The exhibition begins with representations of the hunting of the beast. A photograph from the middle of the 19th century shows four trigger-happy colonials, lounging around on tiger skins. At their back, four astonishingly beautiful tiger pelts are arranged, Catherine wheel-like, at full stretch. Major General John Frazer Vans-Agnew's The End of a Day's Shooting could not be more arrogantly repulsive if it tried.

And yet we can't exactly blame the Brits for this. They didn't invent these murderous impulses. Just a foot or two away hangs a wonderful watercolour, from around 1800, by an artist from Jaipur. It shows a maharajah's retinue surging across the landscape. These men, with their spears, are out hunting for tigers too. The whole scene is a model of colourfully decorous display. The dying tiger's wound is in the form of a pin wheel. The horses are polka-dotted. The painting's astonishing visual sweep is beautifully enhanced by the lavish use of gold leaf.
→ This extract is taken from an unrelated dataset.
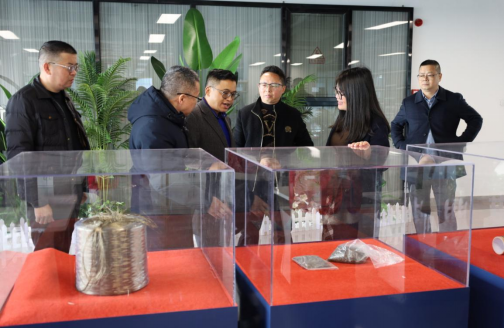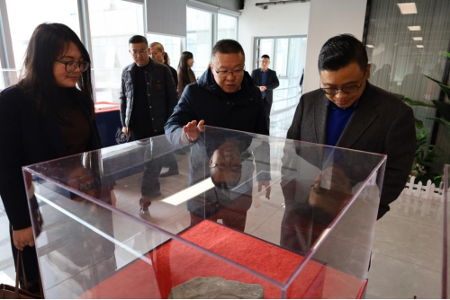 随后,校企合作方人员来到创新创业中心玄武岩研究院。韩记介绍了研究院的发展历程,并对展厅中展示的玄武岩材料进行了详细的介绍,包括玄武岩材料具备的各种性能,目前产品中的应用情况、产业链的分布情况以及未来的市场前景等多个方面。

Why kill the beast? Because to subdue it was to assume its potency, to mean everything the tiger meant. From the 11th century, the Chinese army often wore tiger-striped uniforms – they represented fearsomeness and even a measure of invincibility. We see them on these walls, fighting the redcoats in the Opium Wars of the mid-19th century.

The objects here are many and various, from screens to rugs, from a not-especially-restful-looking ceramic pillow to a range of tiger-themed netsukes, from scrolls to embroidery from Vietnam. Tigers are protectors, embodiments of wisdom and spirituality. Even fertility is within their gift. The most fascinating object can only be seen on film. Tipu Sultan (the "Tiger of Mysore") adorned his possessions with tiger motifs. We see here a single jewel-encrusted tiger finial from his palanquin. On film we see "Tipu's Tiger", a mechanical organ that shows a huge tiger standing on a life-size British redcoat, tearing at him. When you turn the handle, the tiger roars. In 1799, Tipu Sultan's capital was sacked and he was killed by the British.

What intrigues most about this wonderful exhibition – and how sad that it has no catalogue, because its story is so rich and so much worth the telling – is that the tiger seldom looks really fearsome, even when the artist seems to be doing his best to make it look as terrifying as possible. Nature has adorned it too beautifully. So some of the finest works here do little other than take the tiger and its stripes and play with them as forms of exquisite abstract patterning. See how the stripes in a 19th-century woollen tiger rug from Tibet, for example, have been made to flow and undulate away from its spine.